There are two main arguments against the use of blood or breath tests. One is that they violate the Fifth Amendment’s right against self-incrimination. Another is that they violate the Fourth Amendment, which protects against warrantless searches of the person.

This is a tricky area of the law, so you should definitely contact a criminal attorney. A lawyer can help you navigate through the system and make sure you get the best outcome possible.

DUI Pre-trial Motions

7 Emotional Stages after a DUI Arrest - The Umansky Law Firm Criminal  Defense & Injury Attorneys

DUI pre-trial motions are important because they allow the defense attorney to raise concerns about the admissibility of evidence. The judge will decide whether or not to grant the motion.

Pre-trial motions may include requests to suppress evidence and dismiss the charges altogether. These motions are based on Fourth Amendment rights.

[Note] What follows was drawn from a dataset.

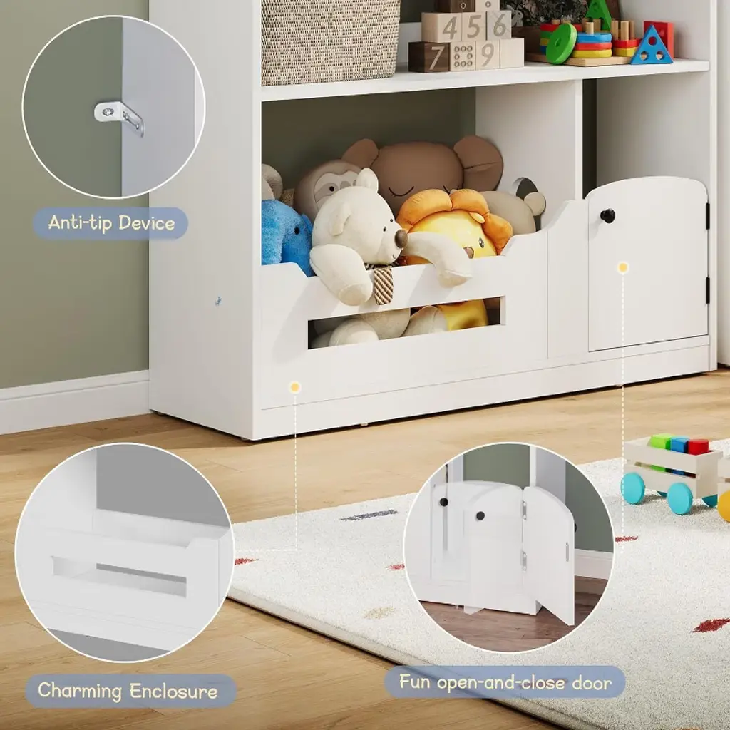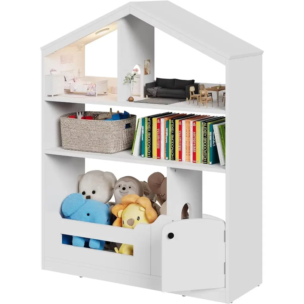 No matter where you put it—your kid's bedroom, playroom, or study—this two-tiered bookshelf looks great. Its simple and classic house design works well with all kinds of kids' decor styles, whether you like modern, cozy, or something in between. It's an easy way to spruce up any space while being functional for kids.Don’t let its cute look fool you—this two-tiered bookshelf has plenty of space to hold all your child’s things. The upper tier is perfect for displaying special toys or storybooks, while the lower one is great for everyday items like coloring books and small toys. It’s ideal for small kids’ rooms, helping them keep everything tidy without taking up too much floor space.
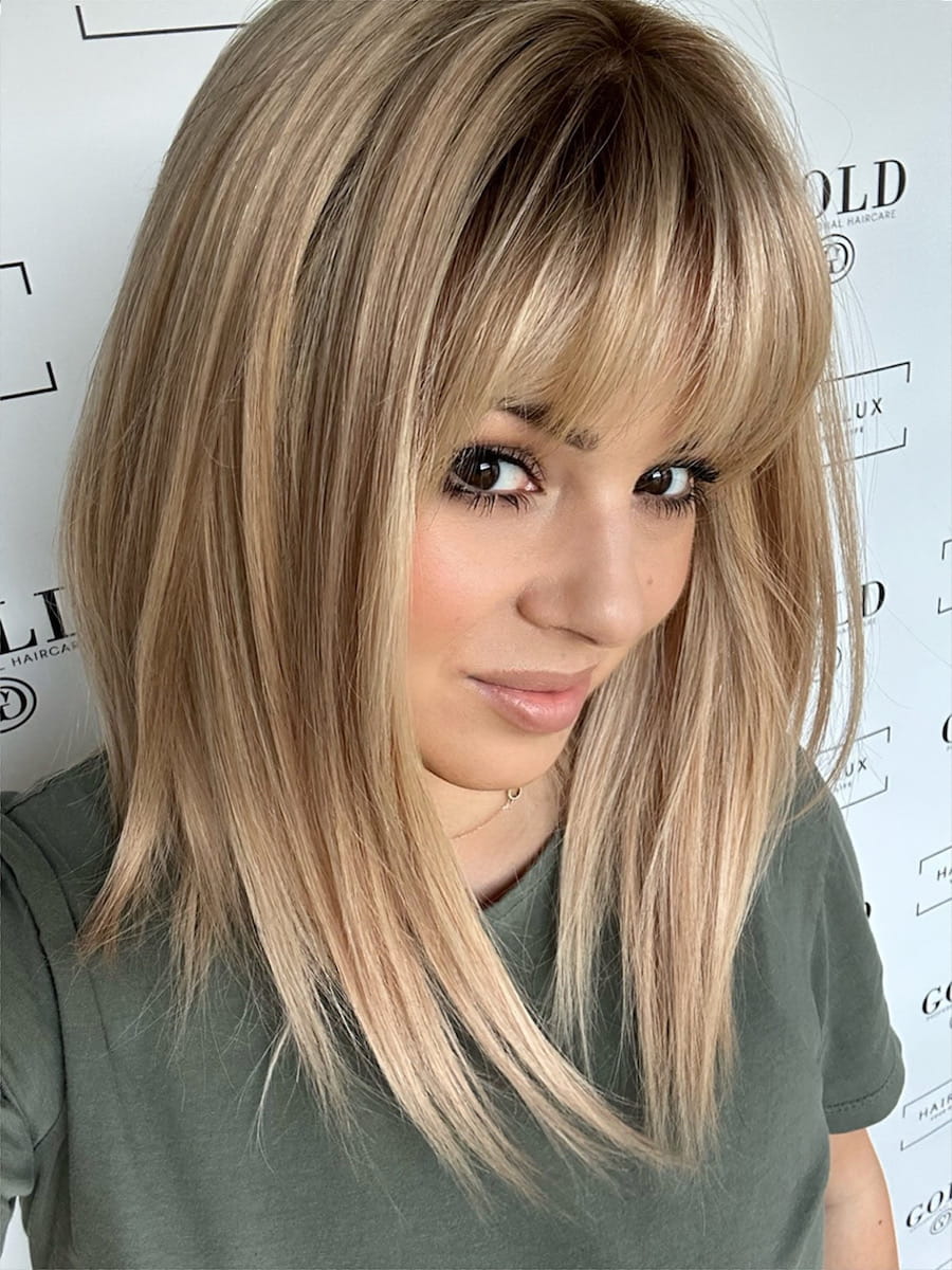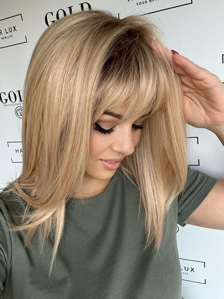 Rita silk 35 M z grzywką perukanaturalna ciepły blond baleyage

There are two basic types of motions a lawyer can file in a DUI case. First, there is a motion in limine. This type of motion limits the use of police evidence. In other words, a prosecutor cannot mention anything about your blood test results or breathalyzer readings at the trial.

The other kind of motion a lawyer can make is a Brady motion. This is a motion that argues the State did not have probable cause to arrest you for DUI. If this is a motion that is granted by the judge, it means that the evidence collected after the stop is inadmissible.

A good attorney will know which motions to file and which ones to avoid. He will also be able to help you win your case. Having a good attorney on your side can reduce your DUI charges or get your case dismissed altogether.

Common Mistakes Made by DUI Attorneys

When it comes to DUI attorneys, there are some common mistakes that can have an adverse effect on your defense. Unfortunately, many lawyers have a general understanding of the laws regarding DUI, but not the specifics.

In some cases, an attorney will make the mistake of assuming a case is not going to go to trial. This can lead to a lack of evidence, suppression of testimony, and a poor result.

Another common mistake is hiring an attorney who is not experienced in defending DUI cases. They may have no idea of the phases of DUI detection, or the proper equipment and procedures to be used. If you hire an attorney who has little or no knowledge of these processes, you could end up with a conviction without adequate evidence.

It is also important to hire an attorney who knows the area where the arrest occurred. This can help them ask the officer questions about the circumstances of the arrest.